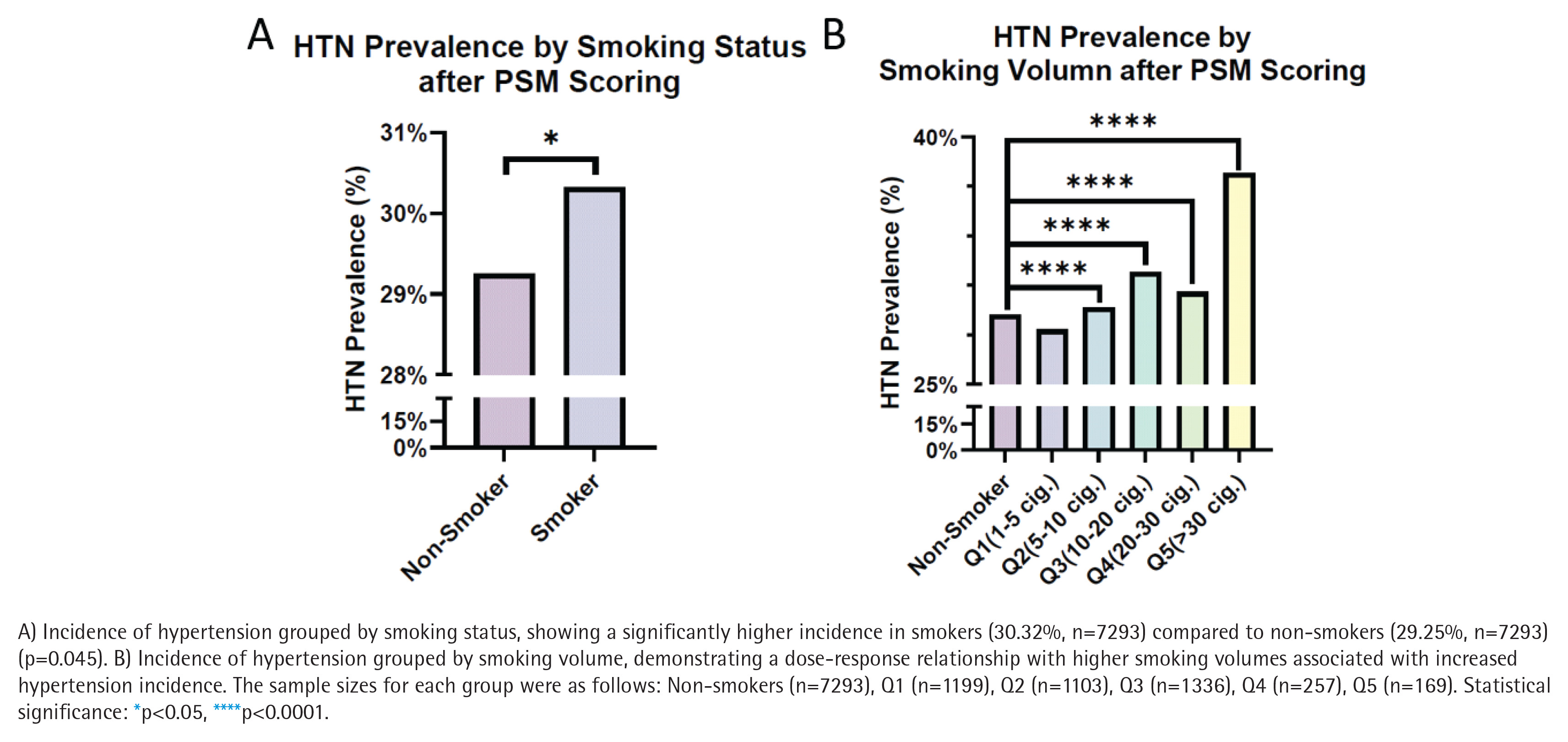 Statistical analysis of the matched dataset revealed that 30.32% of smokers had HTN compared to 29.25% of non-smokers, demonstrating a significant increase in the likelihood of HTN among smokers (p=0.045) (Figure 4A). Further stratification by smoking volume showed a significant increase in HTN incidence among smokers, with the highest prevalence (37.81%) in participants smoking >30 cigarettes/day (p<0.0001) (Figure 4B).
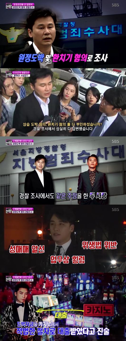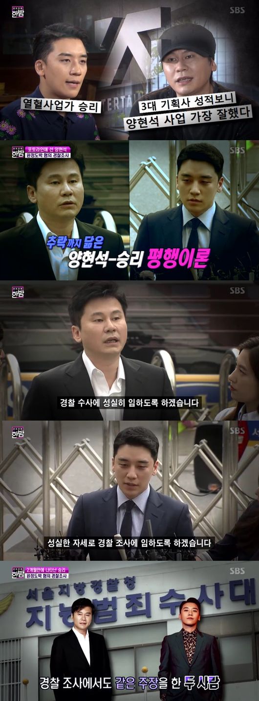 가요계 선후배 이자 YG 소속사 대표와 가수였던 양현석과 승리가 추락까지 닮은 평행이론을 보였다. 지난 8월 29일, 서울 지방 경찰청 앞에 모습을 비춘 양현석 전 대표가 그려졌다. 모자를 벗고 말쑥한 정장차림으로 경찰에 출석한 양현석은 처음 포토라인에 서면서 해외 원정도박 혐의와 도박 자금 환치기 혐의, 그리고 외국 성접대 의혹에 대해서 "경찰 수사에 성실히 임하겠다"면서 준비된 대답만 되풀이했다.
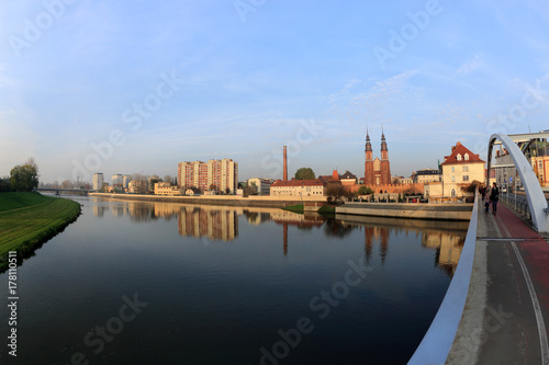 Fototapeta premium Architektura miasta Opole, widok od mostu i rzeki Odra.
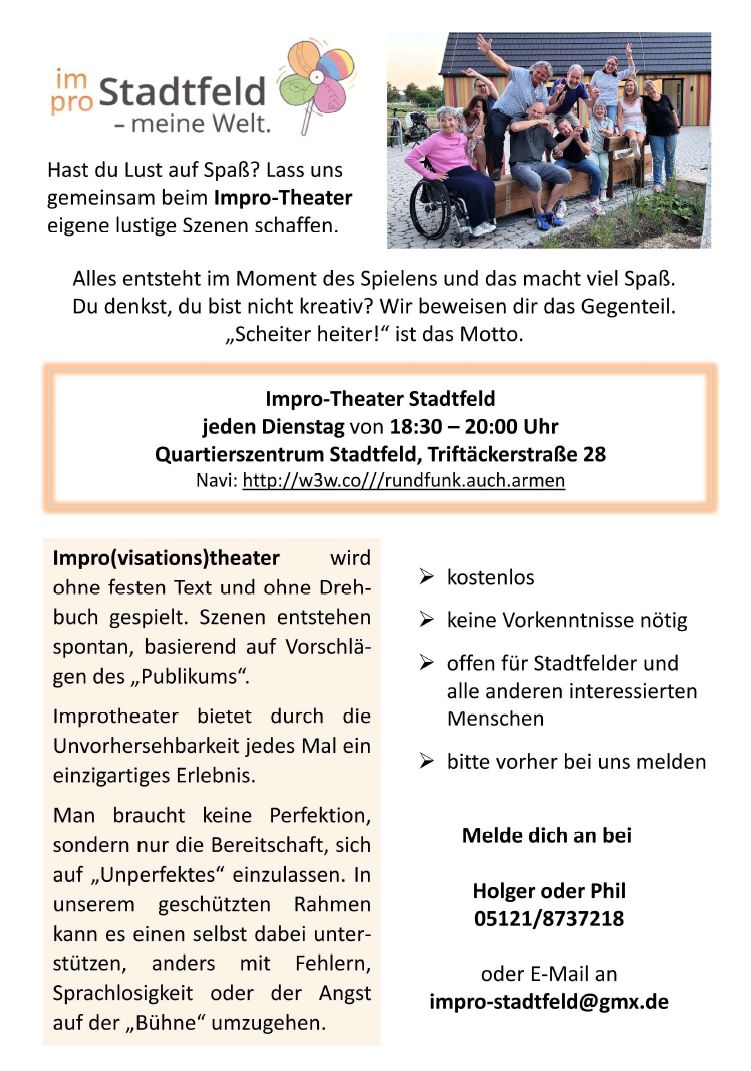| Offene Impro-Theater-Gruppe "impro Stadtfeld" jeden Dienstag von 18:30 bis 20:00 Uhr im Quartierszentrum Stadtfeld Anmeldung erforderlich unter (05121) 8737218 oder unter |

★ ★ ★ ★ ★ ★ ★

Retype, exactly as written, each line from the one containing "Fototapeta premium Architektura" through the end of the data above, and leave out every picture.

SOLUTION TO THIS PROBLEM.
 Fototapeta premium Architektura miasta Opole, widok od mostu i rzeki Odra.
| Offene Impro-Theater-Gruppe "impro Stadtfeld" jeden Dienstag von 18:30 bis 20:00 Uhr im Quartierszentrum Stadtfeld Anmeldung erforderlich unter (05121) 8737218 oder unter |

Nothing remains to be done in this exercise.